A possible workaround
Let’s assume the onsite team is not able to change the gateway IP because they’re only responsible for the application hosted on the server, and the OS team has already left (not that something like this would ever happen 😄). They have to finish their work otherwise the company has to pay a penalty, so they ask you to make it somehow working.
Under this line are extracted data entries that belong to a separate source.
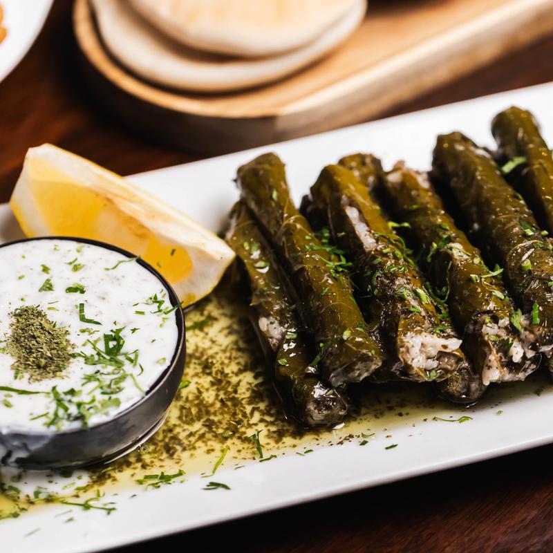 Rolled grape leaves, rice, spiced lamb, garlic, and lemon broth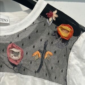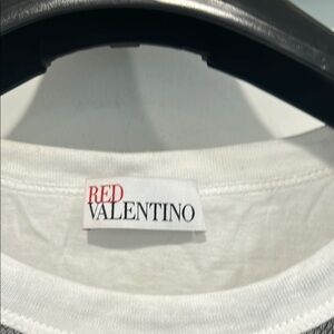 RED Valentino White Short Sleeve spring summer Tee with Floral Embroidery large
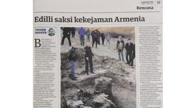 Malayziya qəzeti ermənilərin Edillidə törətdikləri vəhşiliklərdən yazıb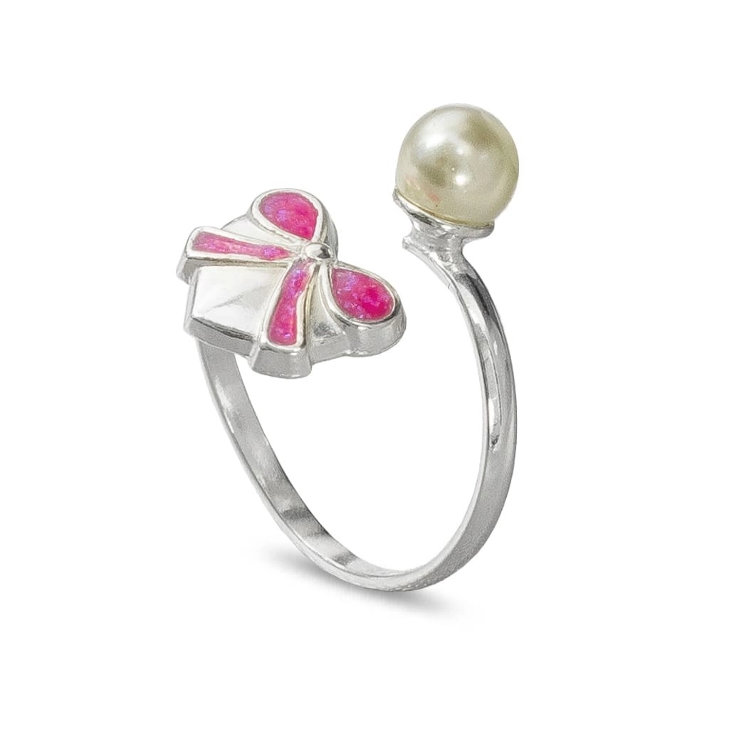 Anel infantil espelhado, regulável em formato de coração com laço rosa esmaltado e pérola.

There’s a way to solve the problem, you can add the mistyped IP as a secondary HSRP IP (highlighted):
N7K-11(config-if)# sh run int vl100
interface Vlan100
description Application_servers_192.168.1.0/24
no shutdown
no ip redirects
ip address 192.168.1.2/26
ip ospf passive-interface
ip router ospf 1 area 0.0.0.0
ip pim sparse-mode
hsrp 1
preempt
priority 150
ip 192.168.1.1
ip 192.168.1.11 secondary
You can later remove it when the OS team will have the issue resolved.